ADA-2 activity in ascitic fluid presents similar features to that of total ADA and can provide additional information with good sensitivity (83.3%) and specificity (97.3%) in diagnosis of tuberculous peritonitis (Demir et al., 2001). Higher values of ADA-2 were reported for the peritoneal tuberculosis than in peritoneal carcinomatosis (56.8 vs. 19.6 U/L, respectively). In the peritoneal tuberculosis ADA-2 activity similar to total ADA correlates with ascitic fluid total protein; so ADA-2 should be used with caution when cirrhosis is associated with the TB peritonitis.
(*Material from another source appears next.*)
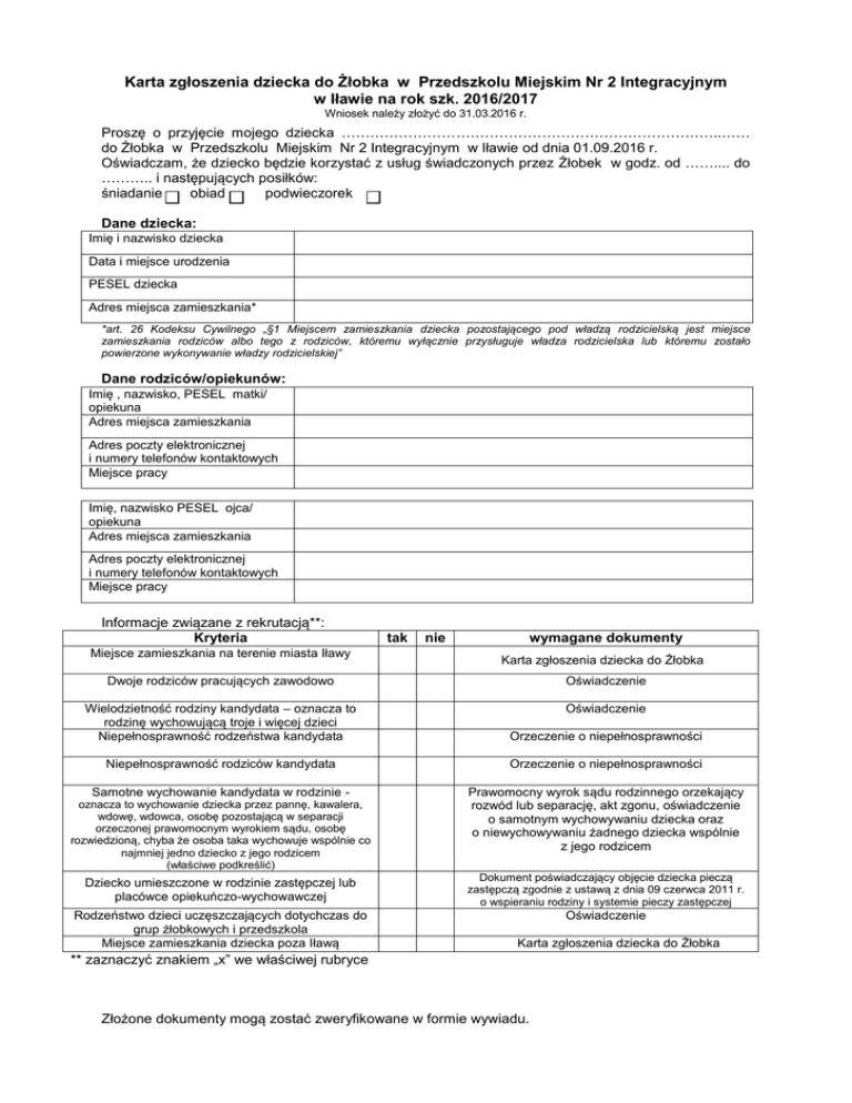 Karta zgłoszenia dziecka do Żłobka w Przedszkolu Miejskim Nr 2 Integracyjnym w Iławie na rok szk. 2016/2017 Wniosek należy złożyć do 31.03.2016 r. Proszę o przyjęcie mojego dziecka ……………………………………………………………………..…… do Żłobka w Przedszkolu Miejskim Nr 2 Integracyjnym w Iławie od dnia 01.09.2016 r. Oświadczam, że dziecko będzie korzystać z usług świadczonych przez Żłobek w godz. od …….... do ……….. i następujących posiłków: śniadanie obiad podwieczorek Dane dziecka: Imię i nazwisko dziecka Data i miejsce urodzenia PESEL dziecka Adres miejsca zamieszkania* *art. 26 Kodeksu Cywilnego „§1 Miejscem zamieszkania dziecka pozostającego pod władzą rodzicielską jest miejsce zamieszkania rodziców albo tego z rodziców, któremu wyłącznie przysługuje władza rodzicielska lub któremu zostało powierzone wykonywanie władzy rodzicielskiej” Dane rodziców/opiekunów: Imię , nazwisko, PESEL matki/ opiekuna Adres miejsca zamieszkania Adres poczty elektronicznej i numery telefonów kontaktowych Miejsce pracy Imię, nazwisko PESEL ojca/ opiekuna Adres miejsca zamieszkania Adres poczty elektronicznej i numery telefonów kontaktowych Miejsce pracy Informacje związane z rekrutacją**: Kryteria Miejsce zamieszkania na terenie miasta Iławy tak nie wymagane dokumenty Karta zgłoszenia dziecka do Żłobka Dwoje rodziców pracujących zawodowo Oświadczenie Wielodzietność rodziny kandydata – oznacza to rodzinę wychowującą troje i więcej dzieci Niepełnosprawność rodzeństwa kandydata Oświadczenie Orzeczenie o niepełnosprawności Niepełnosprawność rodziców kandydata Orzeczenie o niepełnosprawności Samotne wychowanie kandydata w rodzinie - Prawomocny wyrok sądu rodzinnego orzekający rozwód lub separację, akt zgonu, oświadczenie o samotnym wychowywaniu dziecka oraz o niewychowywaniu żadnego dziecka wspólnie z jego rodzicem oznacza to wychowanie dziecka przez pannę, kawalera, wdowę, wdowca, osobę pozostającą w separacji orzeczonej prawomocnym wyrokiem sądu, osobę rozwiedzioną, chyba że osoba taka wychowuje wspólnie co najmniej jedno dziecko z jego rodzicem (właściwe podkreślić) Dziecko umieszczone w rodzinie zastępczej lub placówce opiekuńczo-wychowawczej Dokument poświadczający objęcie dziecka pieczą zastępczą zgodnie z ustawą z dnia 09 czerwca 2011 r. o wspieraniu rodziny i systemie pieczy zastępczej Rodzeństwo dzieci uczęszczających dotychczas do grup żłobkowych i przedszkola Miejsce zamieszkania dziecka poza Iławą Oświadczenie Karta zgłoszenia dziecka do Żłobka ** zaznaczyć znakiem „x” we właściwej rubryce Złożone dokumenty mogą zostać zweryfikowane w formie wywiadu. Dodatkowe dołączone do wniosku informacje o dziecku …............................................................................................................................................................... ................................................................................................................................................................... (np. stan zdrowia – przebyte urazy, choroby przewlekłe, wady rozwojowe, orzeczenie lub opinia poradni psychologiczno-pedagogicznej, potrzeba szczególnej opieki, stosowana dieta, zalecenia lekarskie itp.) Zobowiązanie W przypadku przyjęcia dziecka do Żłobka, zobowiązuję się do: - współpracy z personelem Żłobka, w trosce o dobro dziecka; - przestrzegania postanowień Statutu Żłobka; - regularnego uiszczania opłat za Żłobek w wyznaczonym terminie; - przyprowadzania i odbierania dziecka osobiście lub przez upoważniona osobę dorosłą; - przyprowadzanie do Żłobka zdrowego dziecka; - uczestniczenia w zebraniach rodziców. Oświadczenie 1. Oświadczam, że: a) wszystkie dane zawarte we wniosku są prawdziwe; b) niezwłocznie powiadomię dyrektora Żłobka o zmianie danych zawartych we wniosku; c) wyrażam zgodę na przetwarzanie danych osobowych zawartych w karcie zgłoszenia zgodnie z ustawą z dnia 29 sierpnia 1997 roku o ochronie danych osobowych (Dz. U. z 2014 r. poz. 1182 z późn. zm.) ……………..……………………… czytelny podpis rodzica/opiekuna Data wpływu wniosku ………………….... …............................... podpis dyrektora Wypełnia Żłobek w Przedszkolu Miejskim nr 2 Integracyjnym w Iławie Kandydat do Żłobka uzyskał …….. punktów i decyzją Komisji Rekrutacyjnej (dyrektora) został przyjęty/ nie został przyjęty*** na rok szkol. 2016/2017 do Żłobka w Przedszkolu Miejskim Nr 2 Integracyjnym w Iławie. ***niepotrzebne skreślić ………………………………… czytelny podpis dyrektora

In the regions with high incidence of tuberculosis and diagnostic procedures are expensive, ADA appears to a useful marker for early diagnosis of tuberculosis. The sensitivity and specificity of ADA depends on the prevalence of tuberculosis in the population. The differences between the reported ADA levels are due to the different methods of ADA measurement. The isoforms of ADA, especially the ADA-1 and ADA-2 are found in all the cells with highest concentration in monocytes and lymphocytes but ADA-2 found to be the predominant isoforms in tuberculosis accounting for 80-90% of the activity. Where as ADA-1 elevates in empyema, accounting for 70% of the activity. Determination of individual ADA isoenzymes and ratio of the isoenzymes could help to differentiate the various causes of increased ADA activity. The ADA isoenzymes increase the overall diagnostic value of ADA determination in tuberculosis.